Thank you very much for your reply. Really appreciated and reminding me of some of the things I learned earlier but have let slip.

One other question?

I think it was Tess who mentioned earlier in the thread about squeezing a few pips out of the market mid week in that period between the NY close and the Tokyo open.

I’ve often gazed despairingly at the screen during this time thinking “there’s a reasonable move going on here and I don’t know how to trade it!”

For example there was an immediate 70 pip drop in the EURJPY at today’s NY close.

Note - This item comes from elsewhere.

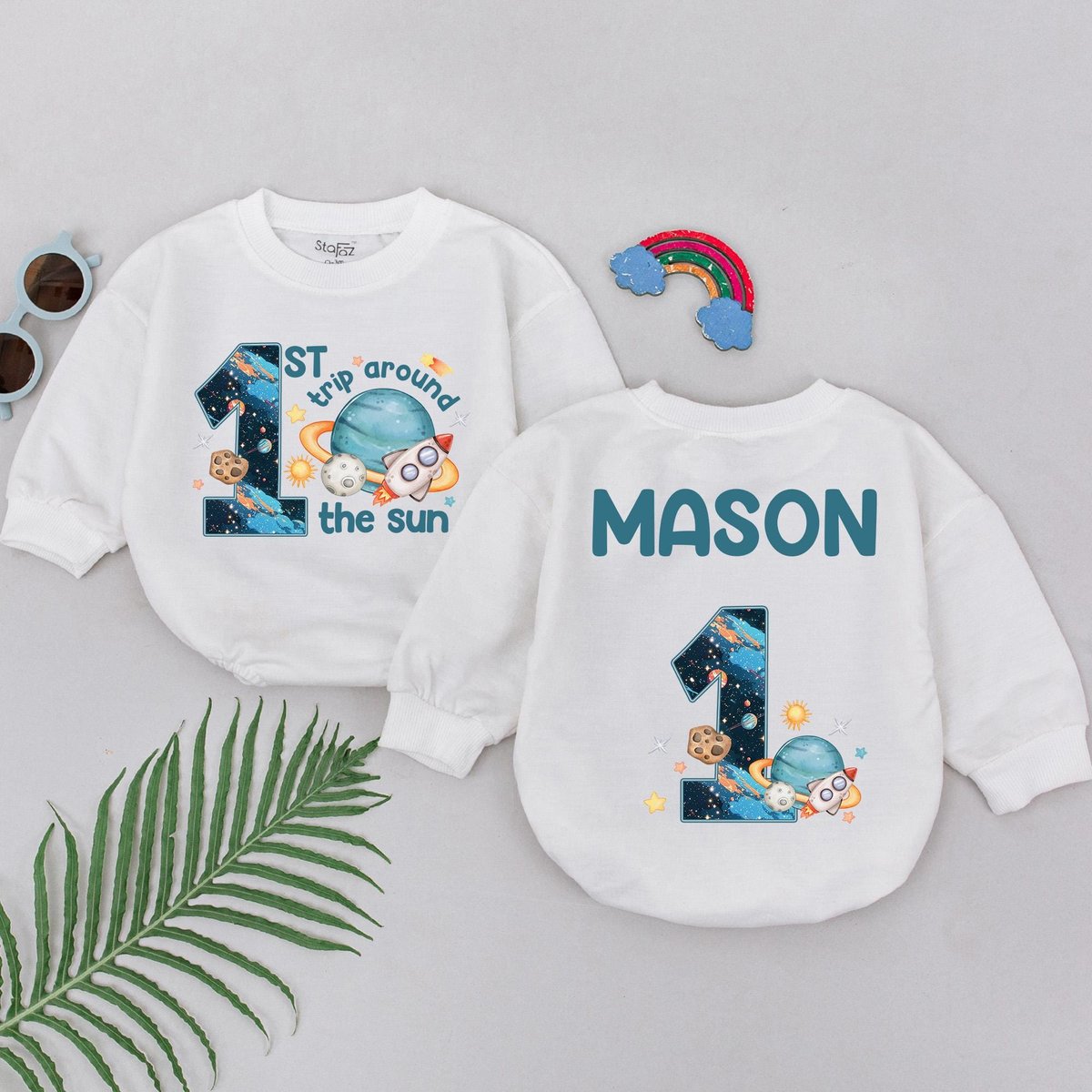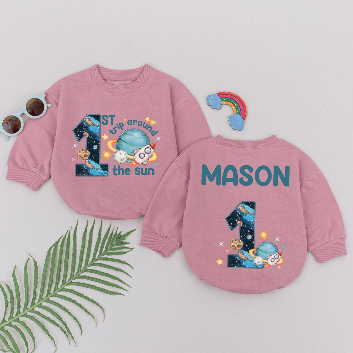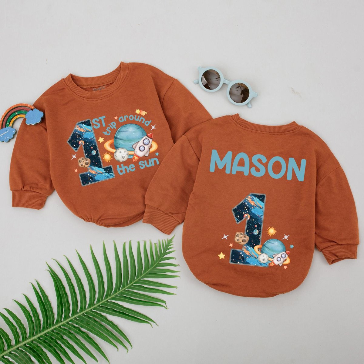 Personalized 1st Trip Around the Sun Bubble Romper Space Birthday Outfit Baby Boy Birthday Romper As

What do you/Tess look for when considering a quick trade during this time?

You’re welcome.

Hmmm, can’t say I can recall to what relevance that comment was relating to?! I don’t dispute the reference, just can’t fathom in what context it might have been mentioned - could you maybe locate it & haul it up here as a tagged quote?

We’re not usually too active in the “doldrums” to be honest. The lag between NY & Tokyo can suffer awfully insipid volumes at times, & you need to be very careful price doesn’t lull you in & bite you on the ass.

Once Tokyo fires up (especially on the Yen instruments), that’s a different ball game, & if opps show themselves, then sure we’ll have a sniff where appropriate.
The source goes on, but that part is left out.